We may recall at this point the fact that the Greek world was a collection of a variety of city-states, independent of each other, often entering into coalitions, usually short-lived, and each polis having its own form of constitution or way of governing the practical affairs of its politai, its citizens, including their dependent members of the families. The issue I wish to emphasize is simple enough: regardless of form of government, the overt or covert prize of involvement was the power to rule and protect the interests of the rulers and, as the circumstances would allow, the welfare of the subjects, especially the favored ones.
It was this great variety of patterns related to the acquisition of leadership that looms largely in the background of public affairs in the fifth century. Socrates, as Plato shows, was fully aware of the inherent threats to the polis. The burning issue, aside from the form of government, was the arbitrary methods of rising to the top of political power. No explicit qualifications had been legislated for rising to political leadership, whatever the hidden or acknowledged motive, be it profit, power, fame, or serving the general interest in justice and what Socrates insisted should be the koinon agathon. The latter motive was easily professed but infrequently honored.


3. Plato’s view
In the background of Plato’ dialogues looms largely the entire history of the fifth century events.
His Republic as the first systematic study of political leadership has lost none of its age-old urgency. When Plato advised in the Republic and the Seventh Epistle that the salvation of the politeia can be done either by the statesmen who will philosophize or the philosophers who will take over the leadership, he identified a perennial problem in civilized life. The issue is plain enough: saving the politeia and how it must be done through wise leadership. But how is this wisdom to be learned, if in fact available, and what are the requirements for its acquisition? In a rough way, and ignoring for a moment Plato’s three classes of citizens, the members of the politeia are whether followers or leaders, constitute a division that holds for all societies and all forms of government. Political success and failure are best understood as outcomes of the actions of leaders rather than the followers, for they are the ones who are trusted with serving the common good. Presumably such is the purpose of their actions. Bad politics is due to the malfunctioning of institutions, from governing to the production of food. The question of leadership immediately brings up the concept of political ethos and political technē and both the pathos of correct self-love. These two must converge under the guidance of orthos logos, of aretē, both determining the state of habit that self-love will acquire.
The search for correct leadership and its basic qualifications has begun. But if the followers are neglected and left without guidance, the consequences are equally severe, given that the followers will not develop the correct form of self-love. Being unable to resist the power of the appetites and of the thymos, they will destroy and disobey, moved as they are by the unexamined force of their pathos. There is only one way to prevent the malfunction of character and the decline of institutions: education, ethismos through paideia, with proper adjustments for the future leaders and the preparation of the general public to promote the common good. Given these requirement, the critique of the various types of deviant government follows with inexorable logic.

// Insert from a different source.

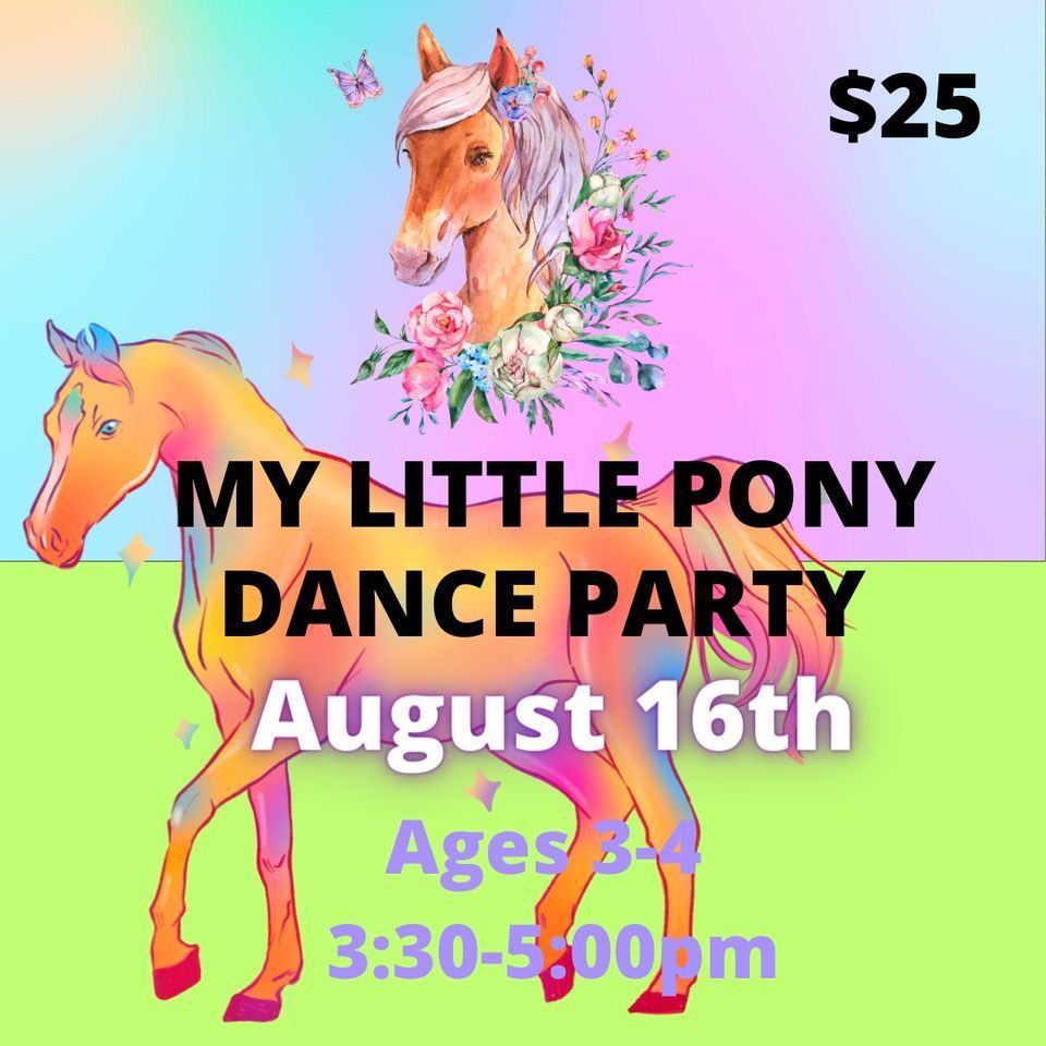 A My Little Pony themed dance class. Pop Up Party includes a themed Hip Hop dance class for 1 hour followed by a 30 minute themed craft for the dancers to make. Great kids activity with a one day commitment of fun.

Plato’s Republic not only focuses on the problem of political leadership but argues steadily why the high-level complexities and vital survival interests must not be left to chance, caprice, fortune, and other forms of power grabbing. The problem of political competence and responsibility as a fundamental practical and theoretical concern was too serious to be left in the hands of the Sophists. Here Socrates and his friends show keen awareness and sensitivity about the great problem how to establish justice in the life of the polis as well as improve the conduct of the individual citizens. The use and abuse of justice at some point became more than a matter of enforcing decisions about efficient ruling through enlightened legislation. The neglected and obscure issues regarding the meaning of justice were finally shown to cause the policies that could lead to the decline of actual social orders, including the life of the polis itself.
Plato, who had lived the horrors of the 30 year Peloponnesian war, turned philosophy into a systematic study of human conduct in the actual political scene. The same, in a serious sense, holds for Aristotle, who as Plato’s pupil defined the human being as being by nature a “political animal.” Thus, for these Greek thinkers the goal of philosophy now is to understand what this political animal is capable of doing to itself as well as to the fellow human beings. It was clear to the Greeks that the rise and fall of any city-state could eventually lead to a crisis in leadership. Plato, like other before him, including his contemporaries, had witnessed what painful events result from the lack of cooperation of those acting in positions of leadership, how destructive the inter-state wars can be, how the civil wars bring bloody catastrophes, how social upheavals succeed mainly in establishing tyrannical regimes and loss of social tranquility.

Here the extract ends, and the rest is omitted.